#### What you need to do
Please output the following records exactly. Leave every image out.

#### Input for this task
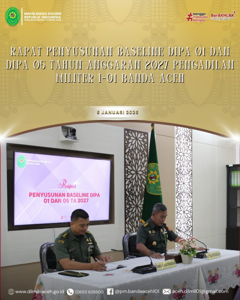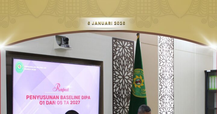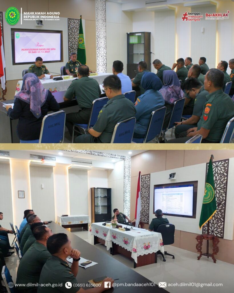 Banda Aceh – 6 Januari 2026. Rapat penyusunan baseline Dipa 01 dan Dipa 05 Tahun Anggaran 2027 Pengadilan Militer I-01 Banda Aceh. Sehubungan dengan akan disusunnya Rencana Kebutuhan Anggaran Mahkamah Agung dan Badan Peradilan dibawahnya TA 2027.
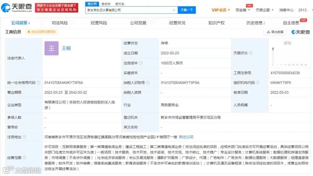 新乡京东云计算有限公司成立,法定代表人为王楠,注册资本1000万人民币。
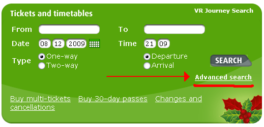 Слева в поле с надписью VR Journey Search в верхнее поле пишешь Helsinki , в нижнее Rovaniemi , затем выбираешь дату отправления и маршрут в одну сторону (One-way) или туда-обратно (Two-way).
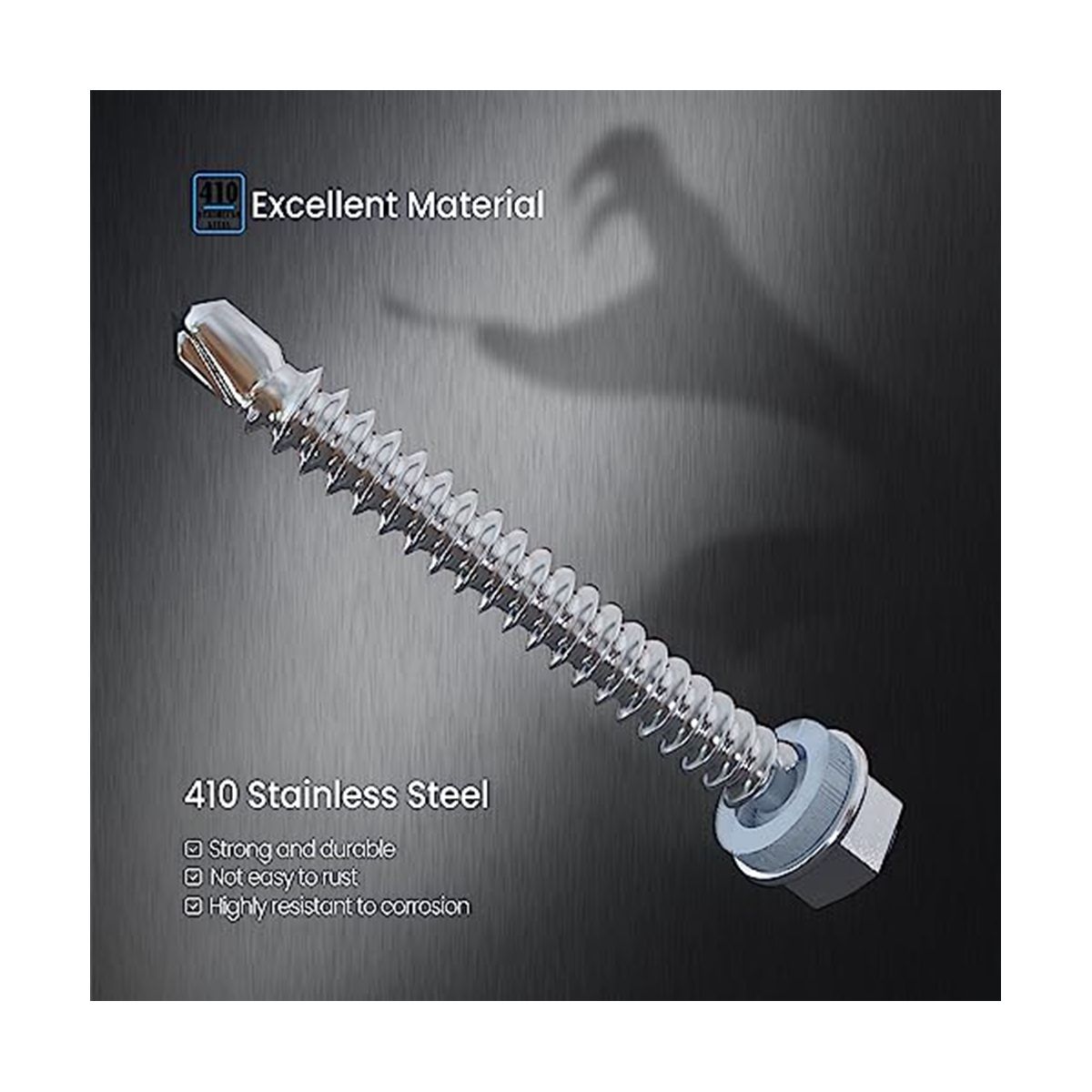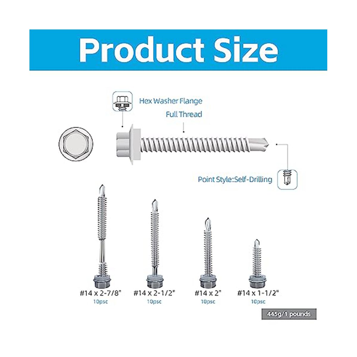 Rich Assortment: This link contains 40 self-drilling screws and many matching washers, #14 x 1-1/2 inch, #14 x 2 inch, #14 x 2-1/2 inch , #14 x 2-7 /8 inch , 10pcs each. 4 lengths can be closely matched to meet your daily needs.
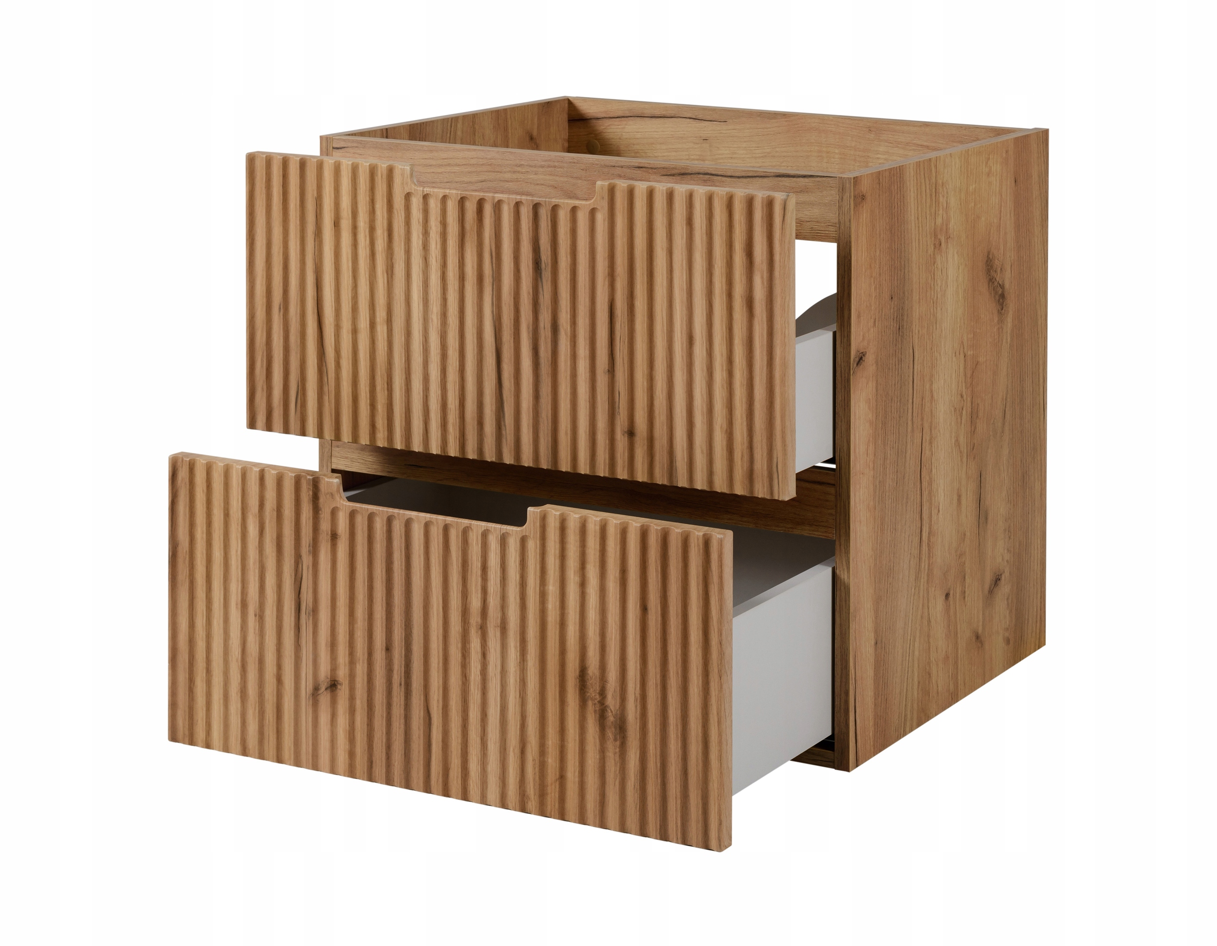 Szafka pod umywalkę z kolekcji VENA w kolorze dąb craft to połączenie nowoczesnego designu i naturalnego uroku drewna. Wyraziste frezowane fronty w ciepłym, drewnianym odcieniu nadają łazience przytulny i elegancki charakter. Zintegrowany uchwyt frezowany idealnie wpisuje się w minimalistyczną estetykę, oferując wygodę użytkowania bez potrzeby stosowania tradycyjnych gałek czy uchwytów.
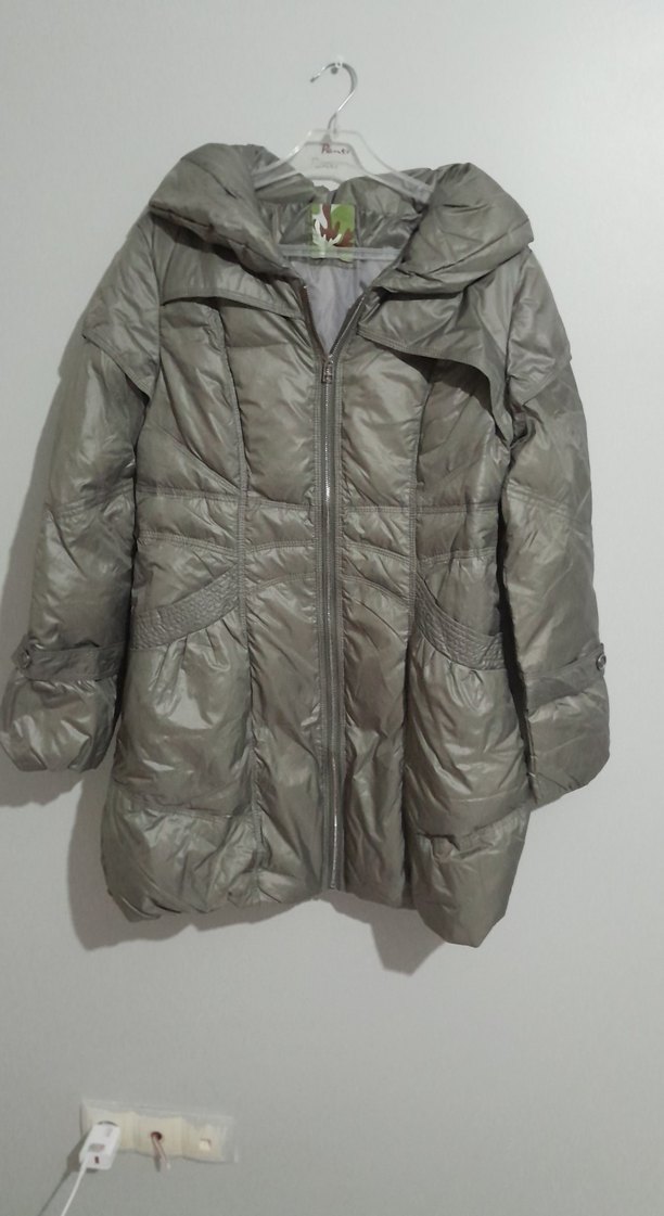 Gri renkli, fermuarlı ve uzun kollu kadın kışlık mont. Notlu yaka ve normal uzunlukta, rahat ve şık bir görünüm sunar. boy83 iki kol arasi 47

#### Response area
 Banda Aceh – 6 Januari 2026. Rapat penyusunan baseline Dipa 01 dan Dipa 05 Tahun Anggaran 2027 Pengadilan Militer I-01 Banda Aceh. Sehubungan dengan akan disusunnya Rencana Kebutuhan Anggaran Mahkamah Agung dan Badan Peradilan dibawahnya TA 2027.
 新乡京东云计算有限公司成立,法定代表人为王楠,注册资本1000万人民币。
 Слева в поле с надписью VR Journey Search в верхнее поле пишешь Helsinki , в нижнее Rovaniemi , затем выбираешь дату отправления и маршрут в одну сторону (One-way) или туда-обратно (Two-way).
 Rich Assortment: This link contains 40 self-drilling screws and many matching washers, #14 x 1-1/2 inch, #14 x 2 inch, #14 x 2-1/2 inch , #14 x 2-7 /8 inch , 10pcs each. 4 lengths can be closely matched to meet your daily needs.
 Szafka pod umywalkę z kolekcji VENA w kolorze dąb craft to połączenie nowoczesnego designu i naturalnego uroku drewna. Wyraziste frezowane fronty w ciepłym, drewnianym odcieniu nadają łazience przytulny i elegancki charakter. Zintegrowany uchwyt frezowany idealnie wpisuje się w minimalistyczną estetykę, oferując wygodę użytkowania bez potrzeby stosowania tradycyjnych gałek czy uchwytów.
 Gri renkli, fermuarlı ve uzun kollu kadın kışlık mont. Notlu yaka ve normal uzunlukta, rahat ve şık bir görünüm sunar. boy83 iki kol arasi 47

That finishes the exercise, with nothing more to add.